The earnings report indicates that Walmart is successfully navigating the challenges of a competitive retail environment and managing external pressures such as tariffs. The company’s focus on maintaining low prices has been a key factor in attracting and retaining customers, contributing to the positive performance in both traffic and ticket growth.
Walmart’s ability to leverage its marketplace and advertising platforms, along with its e-commerce operations, has been instrumental in driving profitability. These segments have provided a buffer against the extra costs incurred, allowing the retailer to sustain its growth trajectory.
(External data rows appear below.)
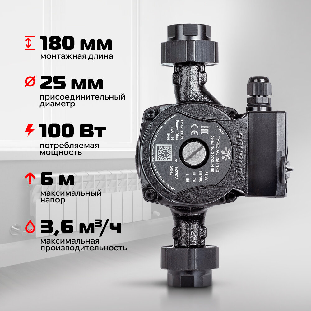 Насос циркуляционный Aquario AC 256-180 5356, 100 Вт, 60 л/мин, напор 6 м, чугун Aquario 7006524 .
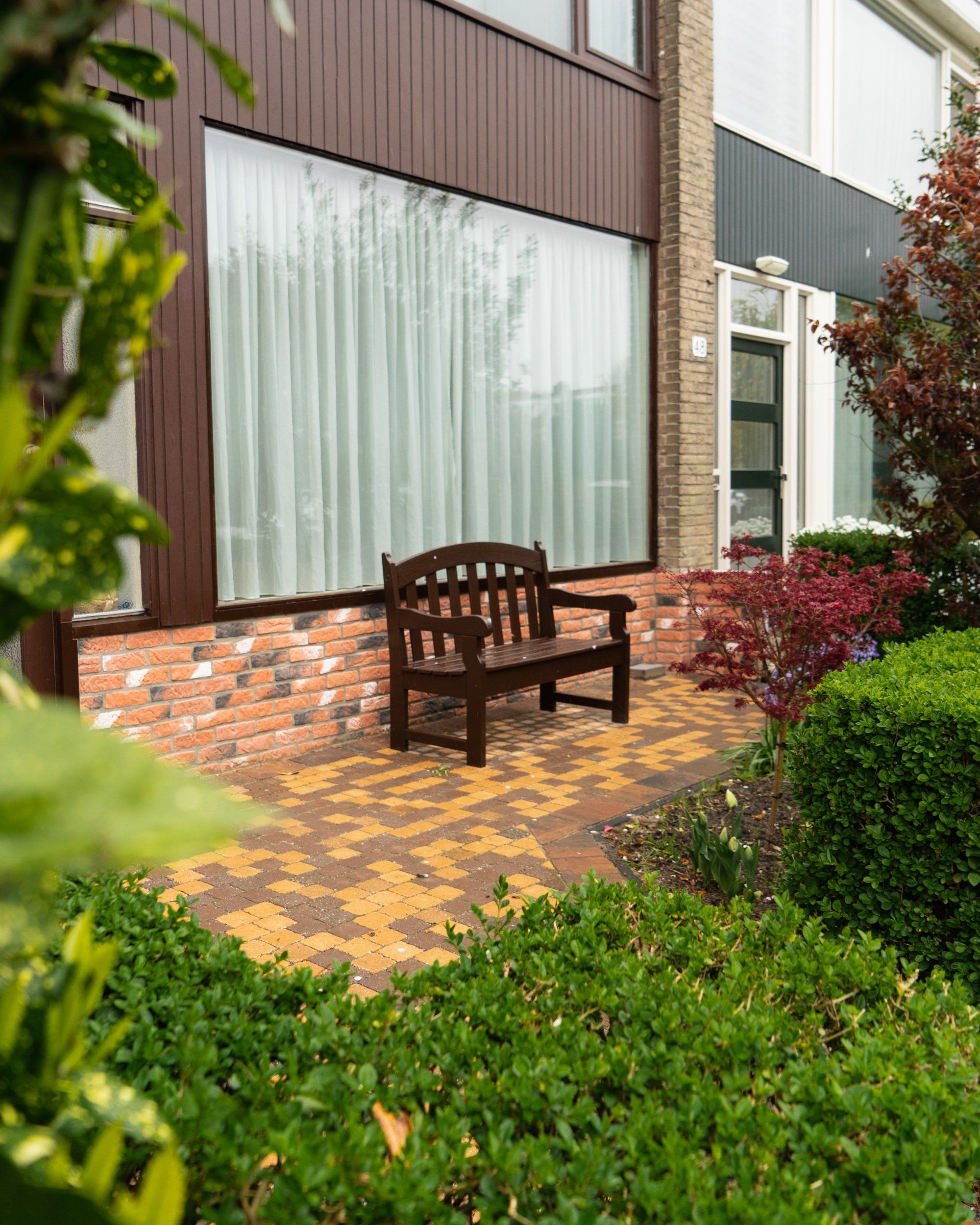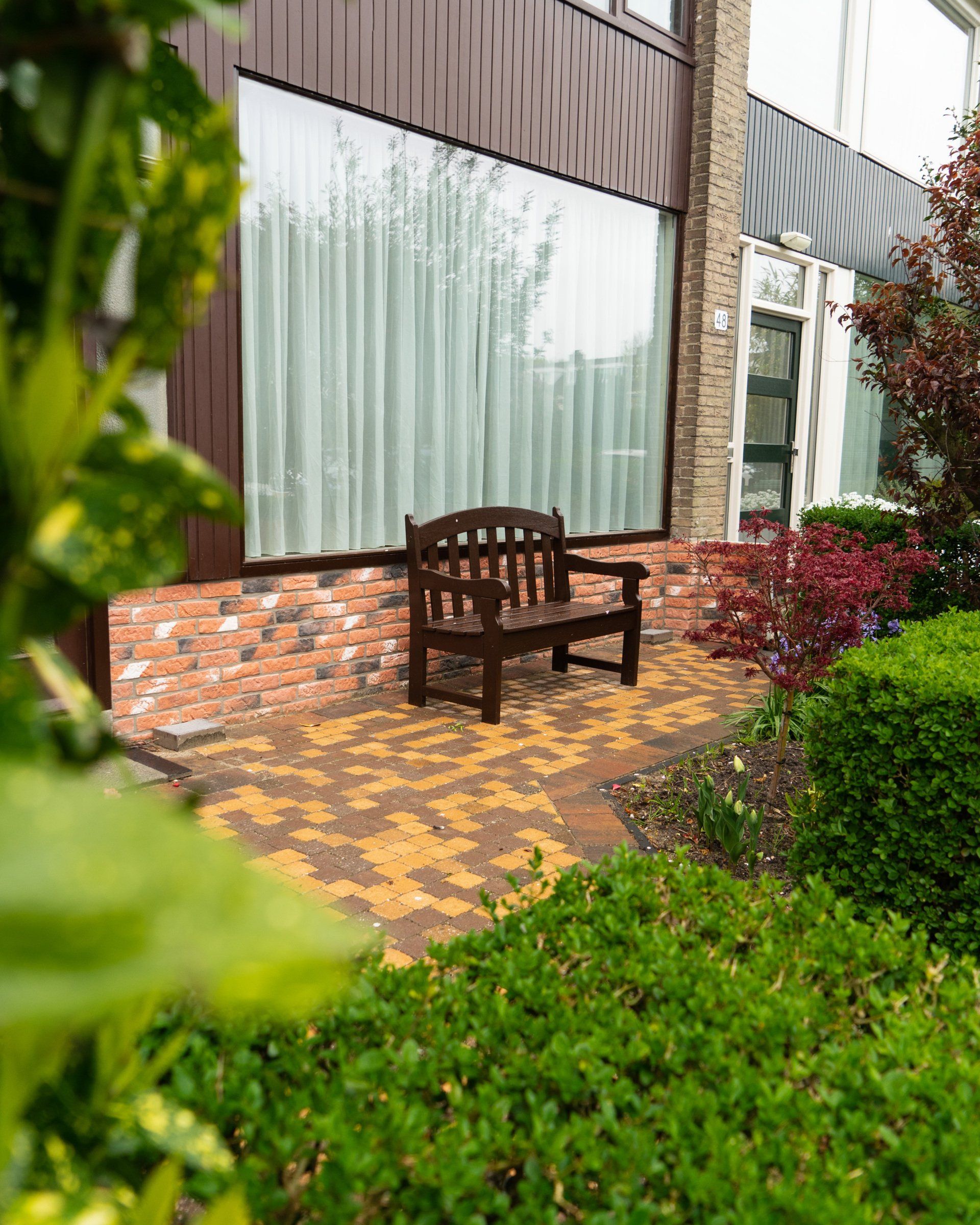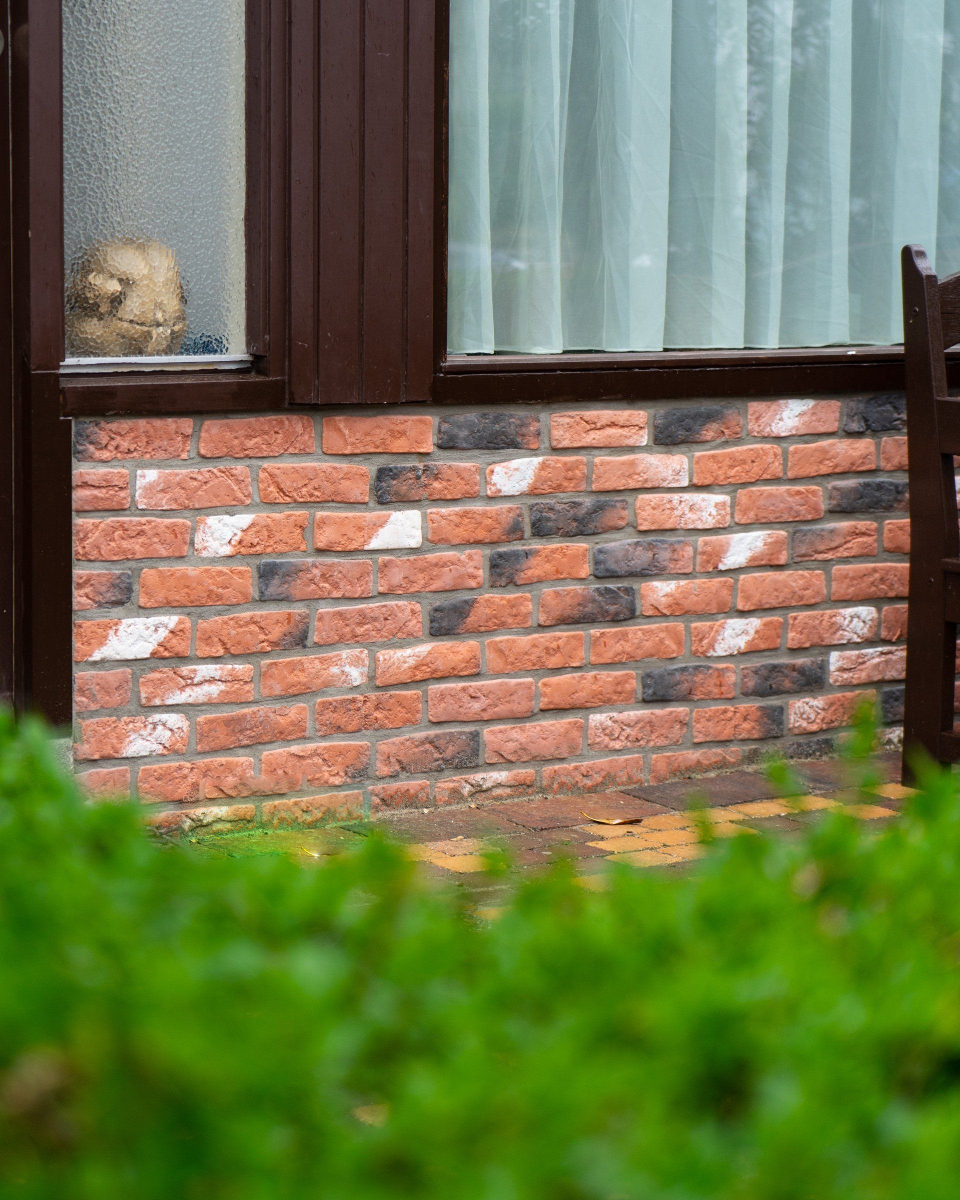 Vrolijke, kleurige voortuin met steenstrips op de muren, en 10x10 als bestrating
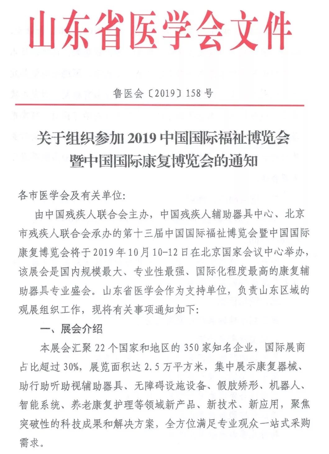 日前,支持單位山東省醫(yī)學會發(fā)布通知,組織號召省內(nèi)各市醫(yī)學會及有關(guān)單位蒞臨福祉博覽會現(xiàn)場參觀交流,以下為通知原文:
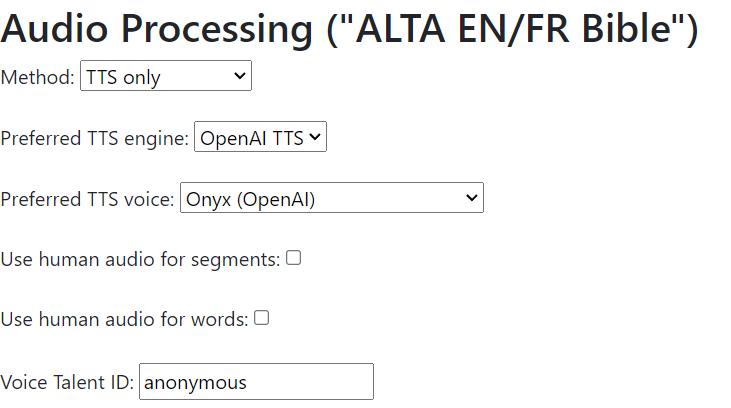 In her post two days ago, Cathy rightly said that the free Google TTS voice, which we’ve previously been using as our default, is not very good. I am in the middle of experimenting with connecting up various pieces of OpenAI software to C-LARA, so I thought I would make their TTS engine available too. You can now use it if you go to the ‘Audio Processing’ view (this was previously called ‘Human Audio Processing’) and select OpenAI and a voice. The one I like best is ‘Onyx’:
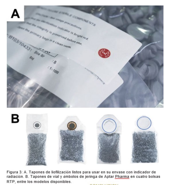 Otra medida sería cambiar los cierres no estériles listos para esterilizar (RTS, por sus siglas en inglés) por componentes esterilizados por rayos gamma listos para usar (RTU, por sus siglas en inglés). Además de ser la única solución que garantiza la esterilidad a la hora de usarlos, los RTU también evitan el uso de Tyvek, que se considera una fuente de fibras3. Las soluciones RTU de Aptar Pharma utilizan únicamente bolsas de polietileno soldadas, con o sin puerto de transferencia rápida (RTP, por sus siglas en inglés), lo que ayuda a los fabricantes farmacéuticos a cumplir tanto con los requisitos de garantía de esterilidad como con los de control de contaminación establecidos en la actualización del Anexo 1. Además, el uso de una solución RTU puede resultar eficiente desde el punto de vista operativo, ya que ahorra tiempo, costos y espacio asociados al equipamiento de la esterilización y su validación (Figura 3).
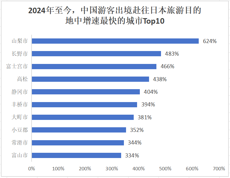 携程数据显示,自2024年以来,中国游客前往日本旅游目的地中增长最快的城市Top10都是小城市(如下图所示)。
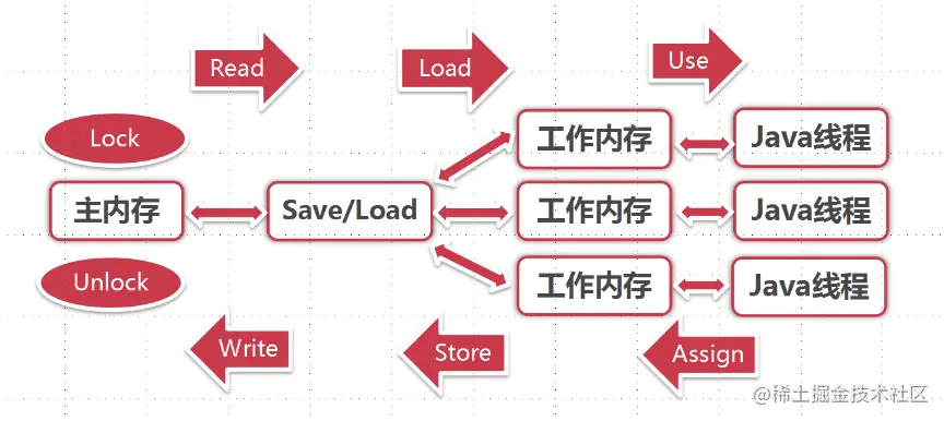 一个新的变量只能在主存中诞生,不允许在工作内存中直接使用一个未被初始化(load或assign)的变量。即就是对一个变量实施use和store操作之前,必须先执行过了assign和load操作;
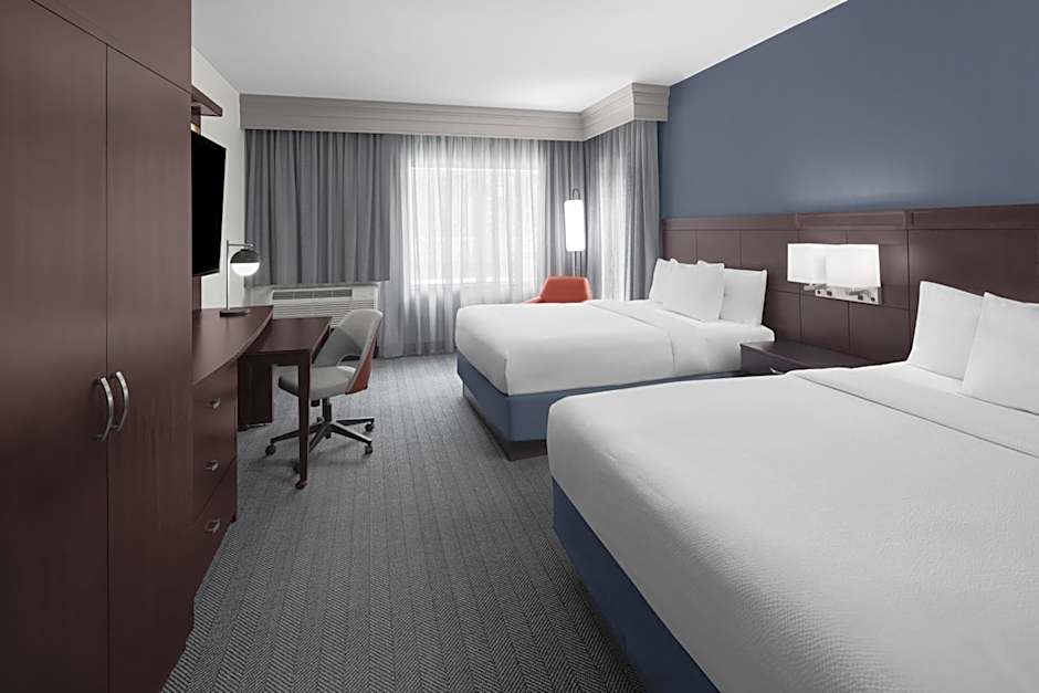 The Courtyard Cleveland University Circle hotel offers a variety of room types including Queen Rooms with Two Queen Beds, King Rooms with Sofa Beds, and One-Bedroom King Suites with Sofa Beds. Smoking is not allowed in any of the rooms. The rooms range in size from 312 sqft to 592 sqft and can accommodate between 3 and 5 adults, with children also allowed.
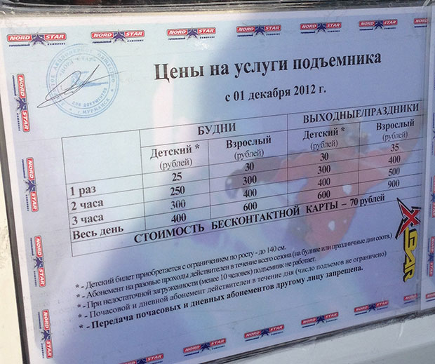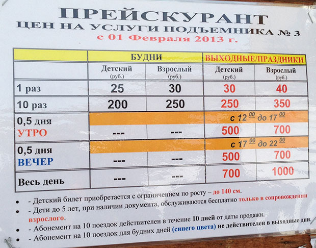 Разовый подъем стоит 30 рублей в будни и 35 по выходным и праздникам:

In conclusion, Walmart’s first-quarter results have underlined its strategic initiatives and operational efficiency. The company remains committed to its full-year outlook, suggesting confidence in its ability to continue delivering shareholder value amidst a dynamic retail landscape. The reiteration of the Buy rating and price target by TD Cowen reflects the firm’s optimism about Walmart’s prospects and its continued performance in the market. According to InvestingPro, Walmart has maintained dividend payments for 53 consecutive years, demonstrating consistent shareholder returns. For deeper insights into Walmart’s valuation and 12 additional ProTips, including detailed financial analysis and future growth prospects, investors can access the comprehensive Pro Research Report available on InvestingPro.
In other recent news, Walmart’s financial performance has been a focal point for investors, as the company reported earnings per share (EPS) of $0.61 for the first quarter of fiscal year 2026, surpassing the forecasted $0.58. Walmart’s revenue reached $165.61 billion, slightly exceeding expectations, and marked a 4% year-over-year increase. The company’s U.S. comparable sales grew by 4.5%, with Sam’s Club comparable sales showing a notable 6.7% increase. Analysts from Citi have maintained a Buy rating with a $120 price target, citing Walmart’s strong sales and EPS performance despite a lower gross margin due to product mix. Truist Securities also adjusted Walmart’s price target to $111, up from $107, while retaining a Buy rating, highlighting the company’s resilience and market share growth.
Walmart’s management confirmed their annual guidance but refrained from providing specific second-quarter earnings guidance, citing economic unpredictability. The company is optimistic about a 3.5% to 4.5% rise in second-quarter sales. Analysts have noted Walmart’s ability to navigate challenges such as tariffs and inventory management, with the company reaffirming its full-year sales growth guidance of approximately 4%. Walmart’s e-commerce segment achieved profitability for the first time globally, contributing to the company’s robust performance.